The frequency of BPH infestation is increasing frequently in developing Asian countries due to the killing of its natural enemies because of the use of synthetic chemical insecticides (Minarni et al. 2018). Entomopathogenic fungi (EPF) are fungi that can infect and kill insects (Litwin et al. 2020). The EPF that have been widely researched and known to be effective for controlling BPH pests are B. bassiana (Sumikarsih et al. 2019) and Metarhizium sp. (Chinniah et al. 2016). However, in their implementation in the field, the use of EPF to control BPH pests still has many weaknesses. After application in the field, insect pathogens are exposed to various abiotic stresses such as temperature and humidity (Hsia et al. 2014), UV radiation (Shafighi et al. 2014), and edaphic factors (Klingen et al. 2015).

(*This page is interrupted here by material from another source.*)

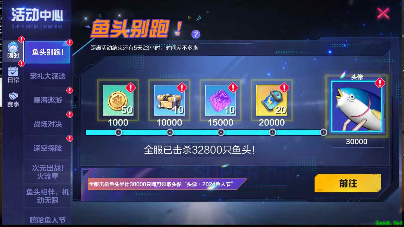 4月1日至4月8日,鱼人节专属敌人“鱼头”将会随机出现在次元战场的关卡中,全服击败“鱼头”达到指定数量,即可领取“头像·2024鱼人节”等奖励!

In addition to biotic stress, the effectiveness of EPF in controlling insect pests is influenced by the diversity of varieties or strains or types of them. EPF have large genetic variations among different isolates. The pathogenicity, virulence, enzymatic characteristics, and DNA also varied among different isolates of different insects. The origin of the isolate affects the virulence diversity of the fungus against the host insect, due to the type or race or strain of the fungus (Chen et al. 2017a, b).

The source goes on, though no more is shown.